Moreover the quality of bug reports is likely to go up too, which makes it easier to fix the problem.
Agreed! If the odds of an actual fix improve, the incentive to clearly document a bug goes up. Many Thanks!
If Meta would make an ANSI Z87+ safety glasses version of their Ray Bans, I would buy them even if it meant having to put up with Llama 4. As a middle-aged dad, I spend a lot of time looking like a dork and mumbling to myself while doing DIY projects anyway, so putting on a set of the glasses would be all upside.
"Think about how much easier it is to grok something from a really great diagram or an animation instead of a wall of text. And an incredible medium for human creativity. But this native, high bandwidth medium is also becoming directly optimizable. Imo, TikTok is nothing compared to what is possible. And I'm not so sure that we will like what "optimal" looks like."

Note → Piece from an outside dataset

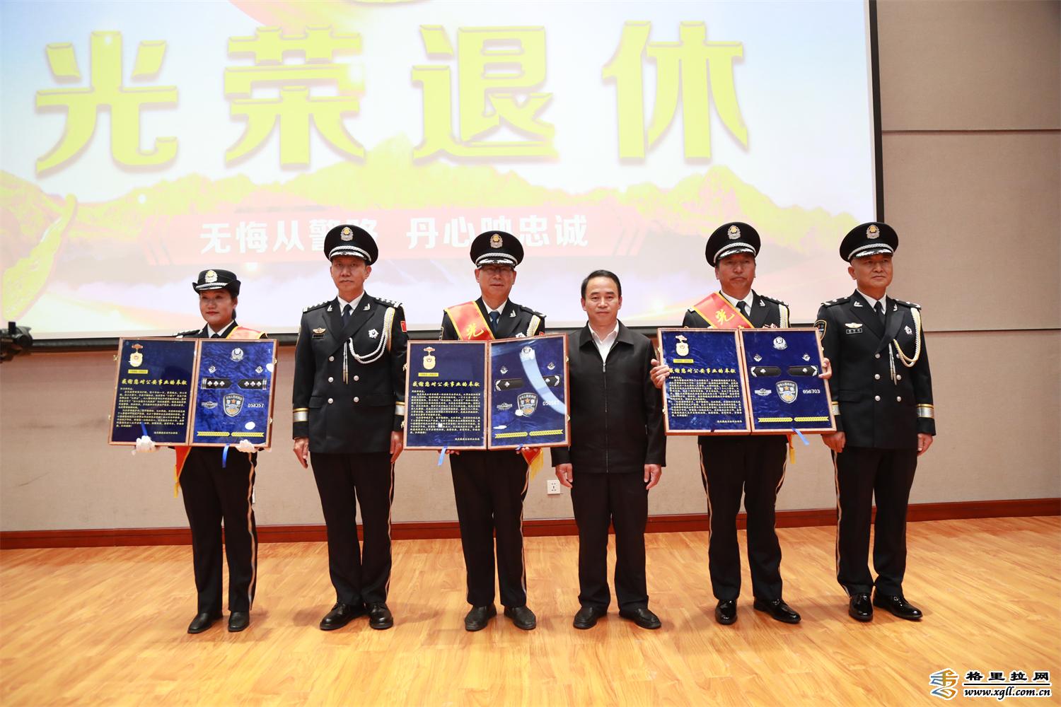 伴隨著陣陣掌聲,4名同志在全體民、輔警的見(jiàn)證下,徐徐入場(chǎng)。榮譽(yù)退休儀式伴隨著激昂嘹亮的《義勇軍進(jìn)行曲》拉開(kāi)帷幕。

Hmm - well, if I can get accurate kurzgesagt-style videos on any STEMM topic ("Could I have a video on QED corrections to Coulomb's law at femtometer distances, with cute looking electron/positron pairs?") that would be worth a lot...
> For human use, cost is essentially irrelevant except for your choices of subscriptions. <…> It is definitely not correct but ‘use Opus for everything’ (or o3 if you’re on ChatGPT instead) is not such a bad principle right now for the average person and paying up.
For both of them cost is essentially relevant for human use, since on base subscriptions the limits are prohibitively low to use o3 or Opus as a daily driver. Unless you consider 100-200 USD tiers as standard ones and irrelevant cost-wise for an average person.
Which is why - even accounting for Google's limit shenanigans lately - Gemini 2.5 Pro at 20/month for 100 RPD (and presumaly unlimited 2.5 Flash) is a pretty good value. For me, the actual game changer is 20 Deep Research queries per day. And with the 0605 update some of the annoying failures that were lately besieging it seem resolved, too.
Their UI could use some work, but the basics work.
Agree. I choose Gemini as a subscription service while accessing other models via OpenRouter. Google also has another killer feature – family sharing of Gemini. Previously they planned to terminate it by 30th June, but it seems to be extended indefinitely. Although what is even worse than their UI is how they inform about changes to the service – sporadically via different twitter accounts (at best), no clear change logs in the app or elsewhere.
Is it worth using o3 and Opus on OpenRouter? Those are the only ones I might consider next to 2.5 Pro for chat (not currently writing any code, otherwise would probably try claude max).
Yes, though it is not as full an experience as using the provider's websites.
After the nosedive that gemini deep research took in the last week, I got a chatgpt plus subscription again... So no real need for openrouter just now.
How do you find it?
I’m on the $20/mo plan and use o3 literally every time I have any random question, and haven’t hit the cap recently. 100 messages/week * 2ish minutes per response is still more than 3 hours of use per week, assuming you are waiting for a response and not kicking off a bunch of queries in parallel.
The only way I can see hitting the cap is if I was using it for a core repeated workflow at work, in which case it would definitely be worth the $200/mo plan.
> People are mostly fooled because they want to be fooled, or they are pretending to be fooled, or they Just Don't Care.
Which one of these was Charlotte Cawles or Rama Bhamidipati?